The Hays Production Code
- The Hays Production Code was a censorship protocol created by politician Will Hays that lasted from 1930 to 1968. This code stated that :
- No picture shall be produced that will lower the moral standards of those who see it. Hence the sympathy of the audience should never be thrown to the side of crime, wrongdoing, evil or sin;
- Correct standards of life, subject only to the requirements of drama and entertainment, shall be presented; and
- Law, natural or human, shall not be ridiculed, nor shall sympathy be created for its violation.

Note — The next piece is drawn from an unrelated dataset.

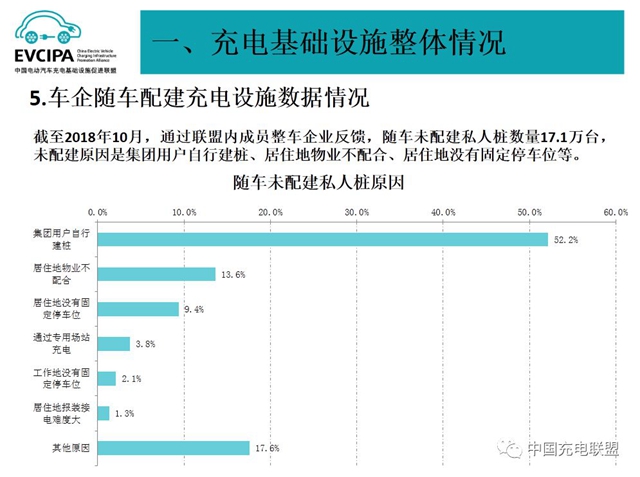 截至2018年10月,通過(guò)聯(lián)盟內(nèi)成員整車(chē)企業(yè)反饋,隨車(chē)未配建私人樁數(shù)量17.1萬(wàn)臺(tái),未配建原因是集團(tuán)用戶(hù)自行建樁、居住地物業(yè)不配合、居住地沒(méi)有固定停車(chē)位等。

Particular Application of Code
- Accompanying the three major tenets of the Hays Production Code was a list of "Particular Applications" drafted by a Catholic priest and accepted by Hays. These applications forbade a film to show things such as nudity, suggestive dance, ridicule of religion, drug use, homosexuality, childbirth and "excessive and lustful kissing."

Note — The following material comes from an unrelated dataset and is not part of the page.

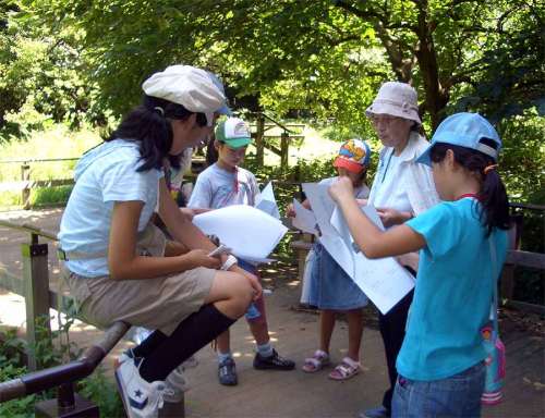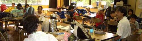 青少年科学館に戻って、今日の活動を振り返りました。 藤間先生と一緒に花を咲かせている植物を調査していたチームから観察報告をしてもらいました。 ヤブミョウガ、クサイ(イグサの仲間)、ジュズダマ、ミズヒキ、セリ、カントウヨメナ、チダケサシ、ミソハギ、アゼナ、ホオズキなどが報告されました。 田圃や湿地の水域を調べていた子どもたちはアメリカザリガニが目当てでしたが、なかなか見つけ出すのが難しかったようです。合計で15匹でした。 チョウを調べていた山本先生からは、13:00〜14:15に、スジグロシロチョウ、キチョウ、ナミアゲハ、キアゲハ、クロアゲハ、カラスアゲハ、 ナガサキアゲハ、キタテハ、ゴマダラチョウ、アカボシゴマダラ、ヤマトシジミ、ウラギンシジミ、ムラサキシジミ、クロヒカゲ、ヒメウラナミジャノメ、 コミスジ、イチモンジチョウの観察が報告されました。

- In the late 1960s production companies refused to abide by the Hays Code, releasing films without their approval, leading to abandonment of the code. Jack Valenti, the new president of the Motion Picture Association of America, then created a new system that removed many of the Hays code's antiquated restrictions.
New Ratings System
- In November 1968 the new ratings system began with four categories: G, which was for general audiences or all ages; M for mature audiences with suggested parental guidance but still allowed for all ages; R for restricted audiences in which no one under 17 would be allowed without a parent; and X, with no one under 17 admitted.
Adjustments to the system
- The M rating was changed to PG for "Parental guidance suggested" and in 1984 that was separated into PG and PG-13. In the 1990s the X rating was replaced with the NC-17 rating. Also during this time, the MPAA instituted a system that would include content warnings for parents, to point out such things as violence, harsh language and nudity.